*Exercise goal:* Your answer should hold exactly the lines below from the line with "SOKOŁOWSKI Marian 1926" through the line with "En la figura", both included, and no pictures at all.

*Dataset content:*
▼
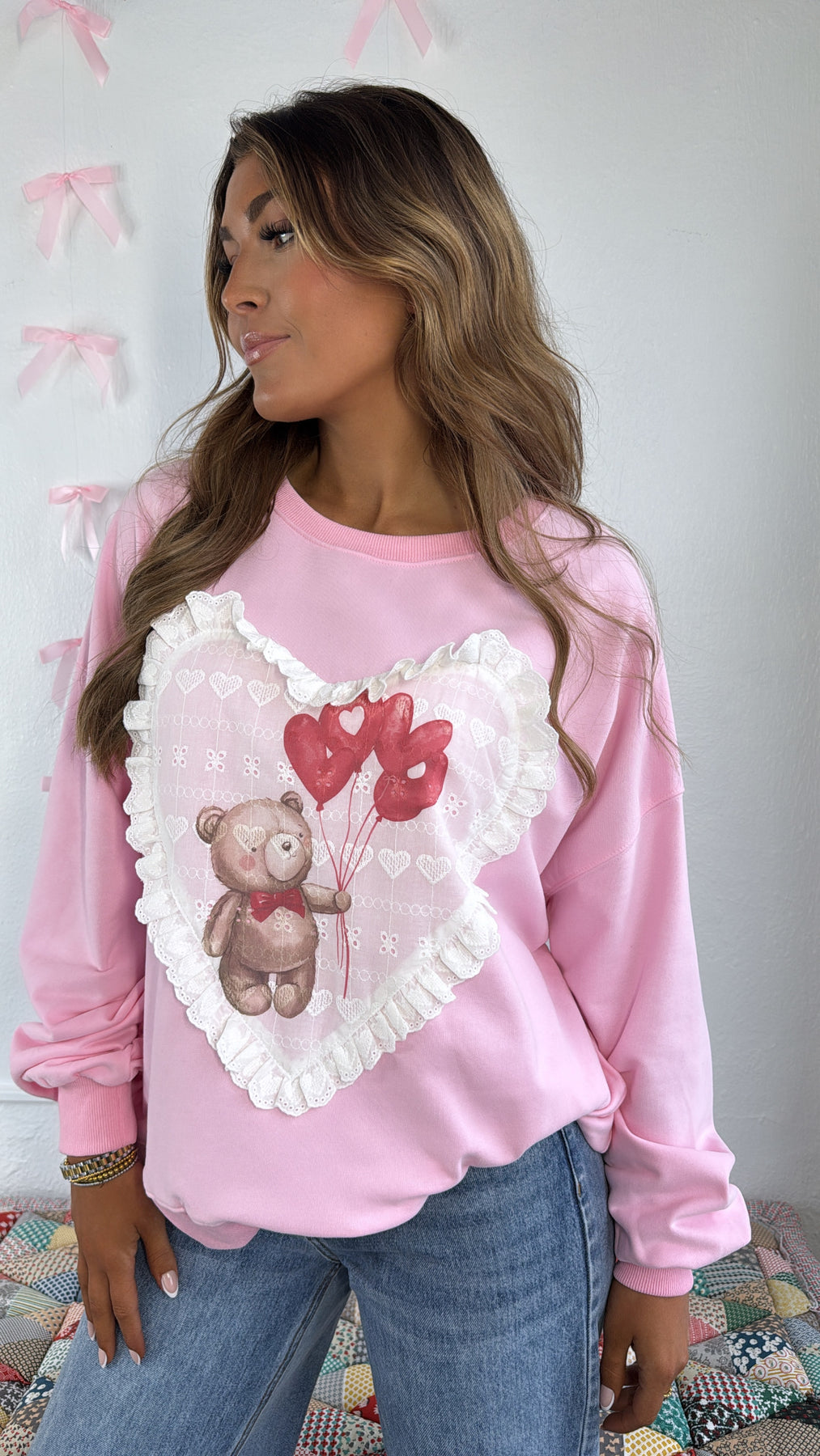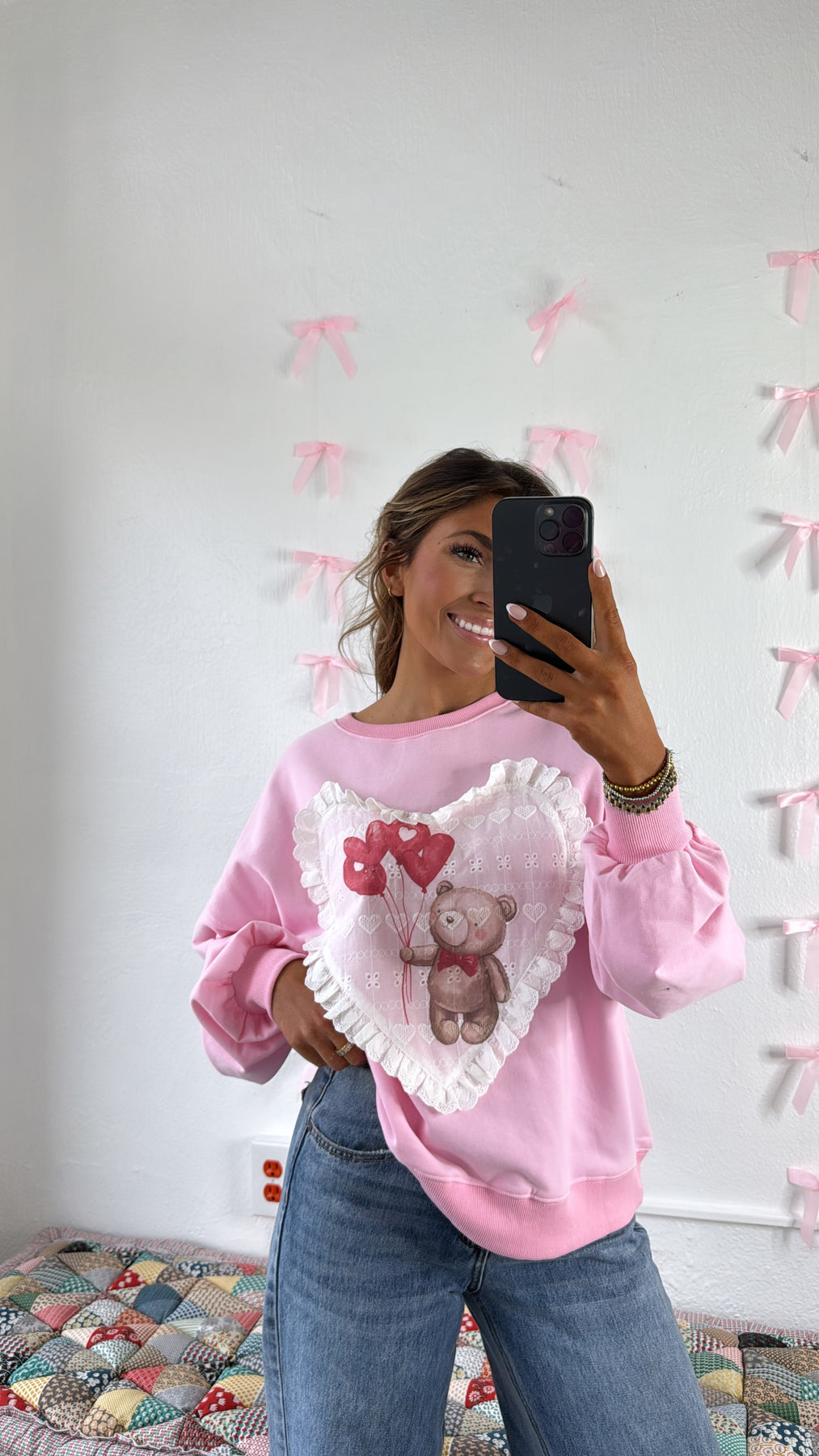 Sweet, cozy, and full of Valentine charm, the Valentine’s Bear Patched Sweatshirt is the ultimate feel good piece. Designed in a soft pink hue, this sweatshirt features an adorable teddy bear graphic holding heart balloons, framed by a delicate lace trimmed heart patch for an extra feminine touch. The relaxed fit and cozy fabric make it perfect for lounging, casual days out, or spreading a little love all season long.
▲
▼
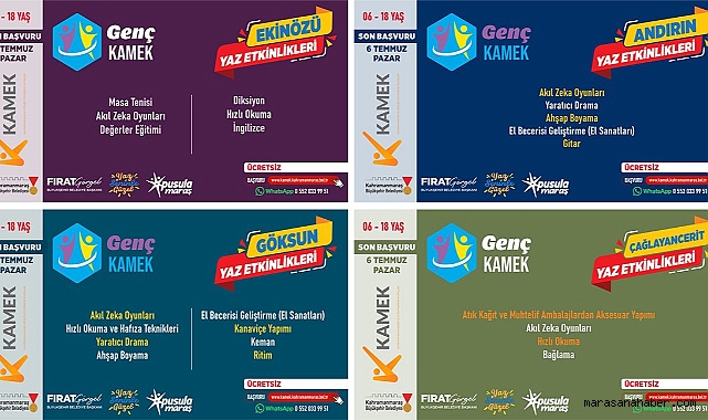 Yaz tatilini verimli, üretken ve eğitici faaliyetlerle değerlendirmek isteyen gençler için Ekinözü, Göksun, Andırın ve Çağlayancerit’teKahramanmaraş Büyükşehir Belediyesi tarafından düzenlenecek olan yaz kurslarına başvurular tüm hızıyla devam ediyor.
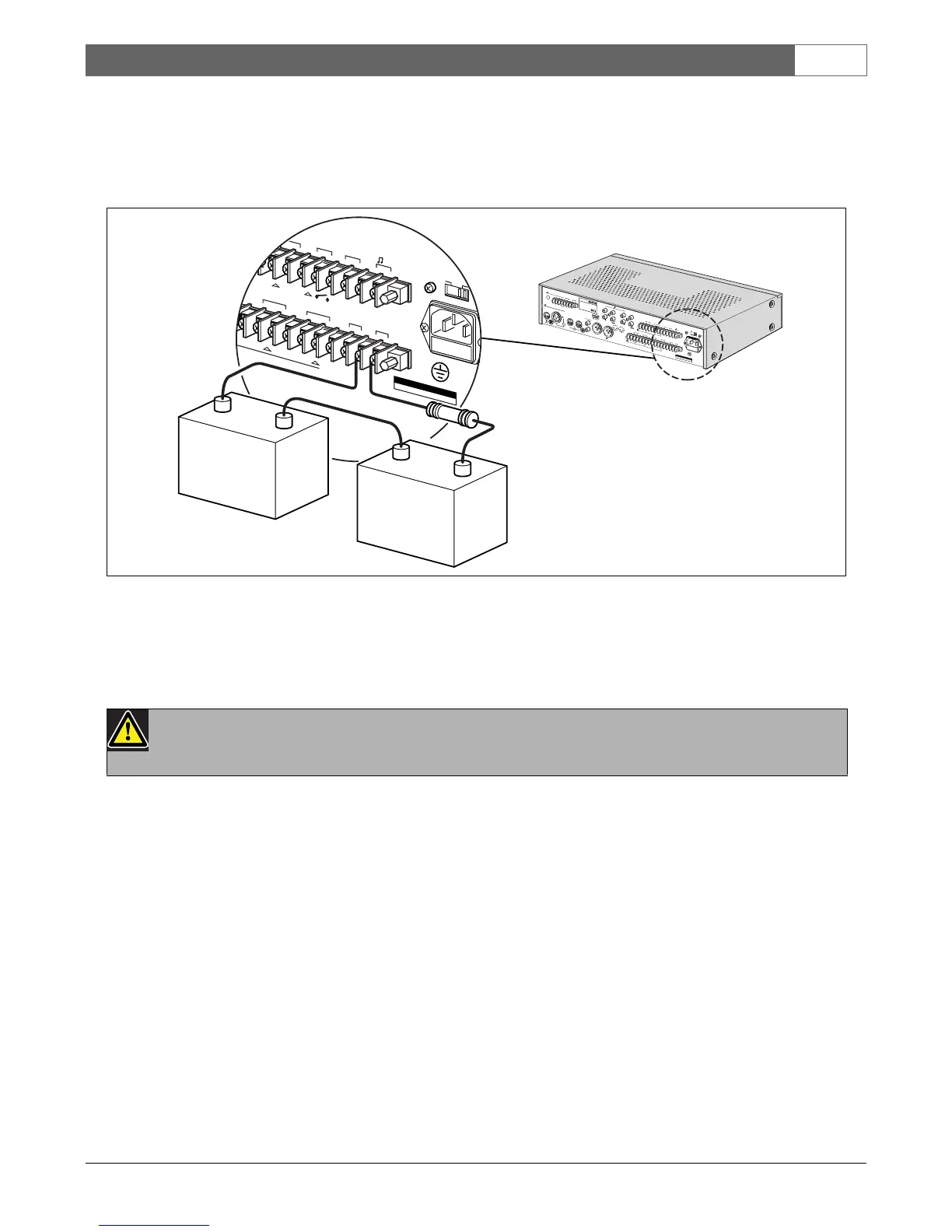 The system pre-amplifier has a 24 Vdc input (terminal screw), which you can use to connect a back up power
▲
▼
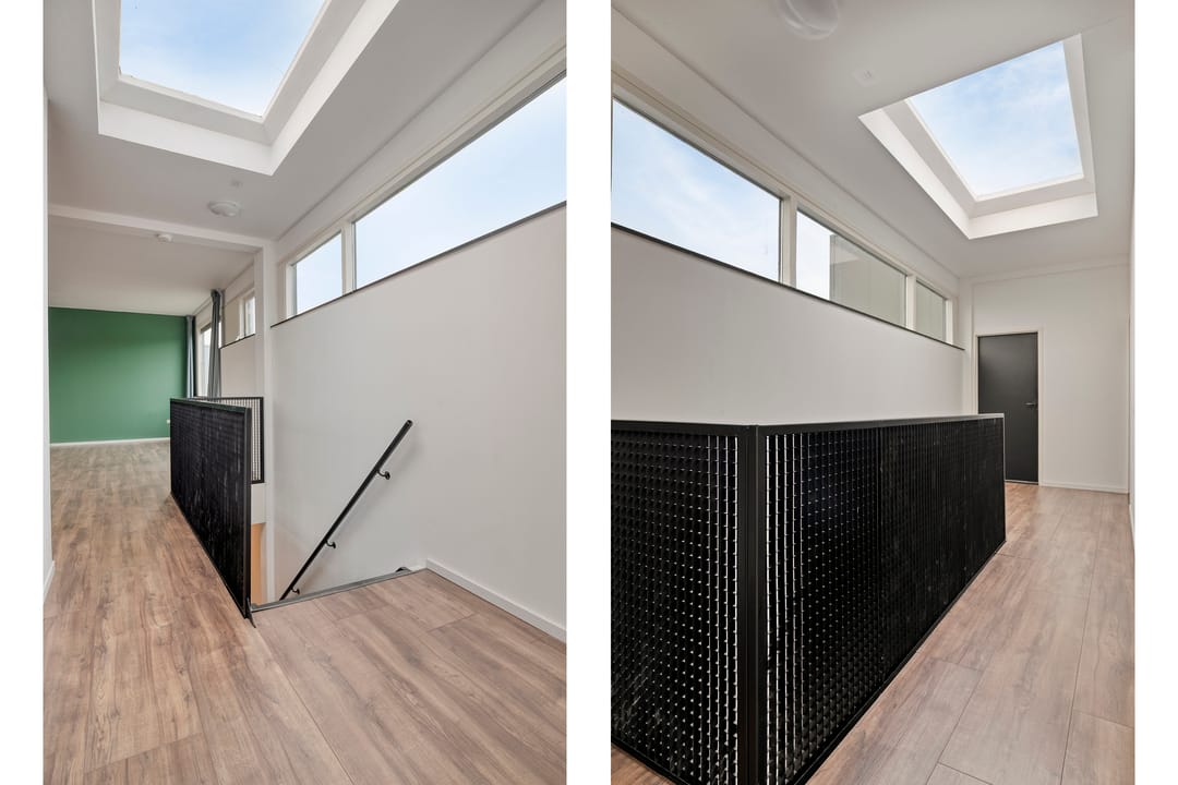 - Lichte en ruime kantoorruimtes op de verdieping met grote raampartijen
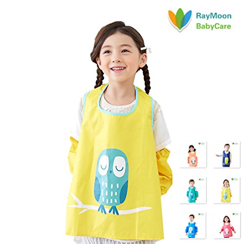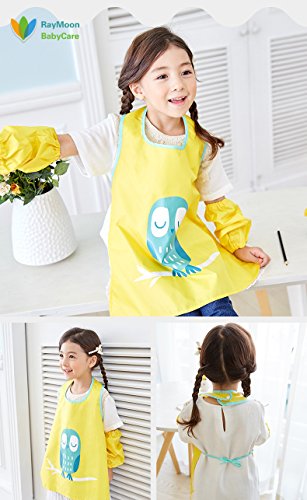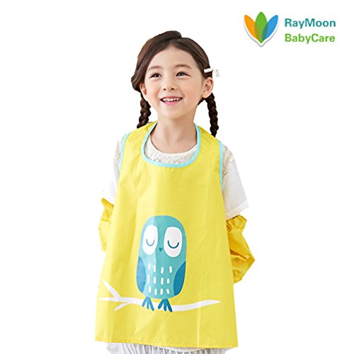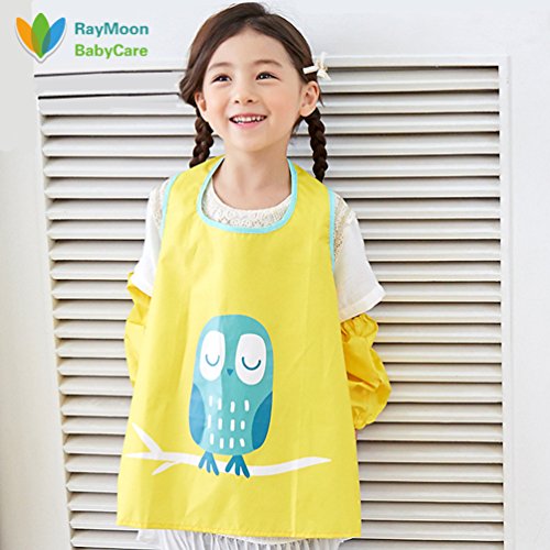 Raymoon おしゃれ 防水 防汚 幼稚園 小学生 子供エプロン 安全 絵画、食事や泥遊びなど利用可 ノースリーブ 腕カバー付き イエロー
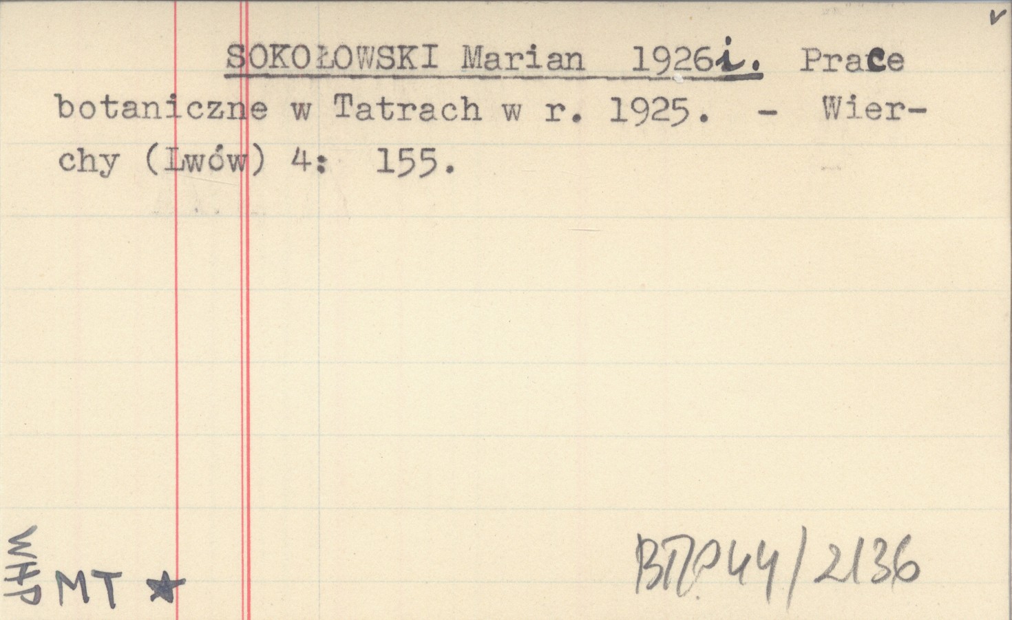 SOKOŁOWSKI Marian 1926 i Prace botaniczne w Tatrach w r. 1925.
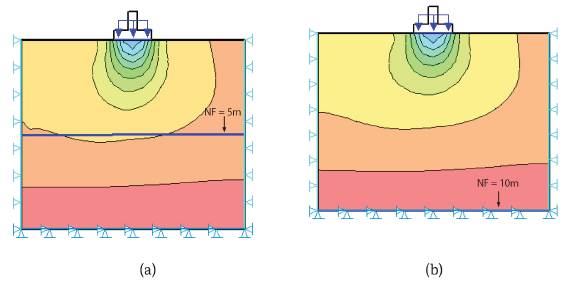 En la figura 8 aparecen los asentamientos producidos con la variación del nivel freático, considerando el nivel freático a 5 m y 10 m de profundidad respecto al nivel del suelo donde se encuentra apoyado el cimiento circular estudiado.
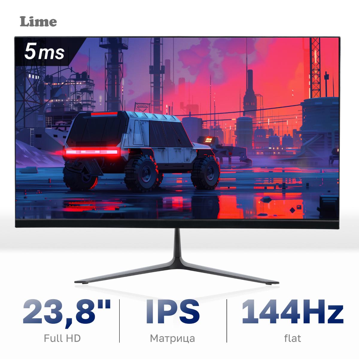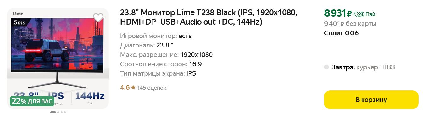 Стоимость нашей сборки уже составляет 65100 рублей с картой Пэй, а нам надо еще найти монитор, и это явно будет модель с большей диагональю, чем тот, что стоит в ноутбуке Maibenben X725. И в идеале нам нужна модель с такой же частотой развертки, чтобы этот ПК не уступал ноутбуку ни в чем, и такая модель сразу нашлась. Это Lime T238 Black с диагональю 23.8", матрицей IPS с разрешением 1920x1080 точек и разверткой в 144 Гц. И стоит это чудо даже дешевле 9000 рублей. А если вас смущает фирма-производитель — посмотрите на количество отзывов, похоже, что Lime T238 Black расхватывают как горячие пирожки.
▲
*Solved exercise:*
 SOKOŁOWSKI Marian 1926 i Prace botaniczne w Tatrach w r. 1925.
 En la figura 8 aparecen los asentamientos producidos con la variación del nivel freático, considerando el nivel freático a 5 m y 10 m de profundidad respecto al nivel del suelo donde se encuentra apoyado el cimiento circular estudiado.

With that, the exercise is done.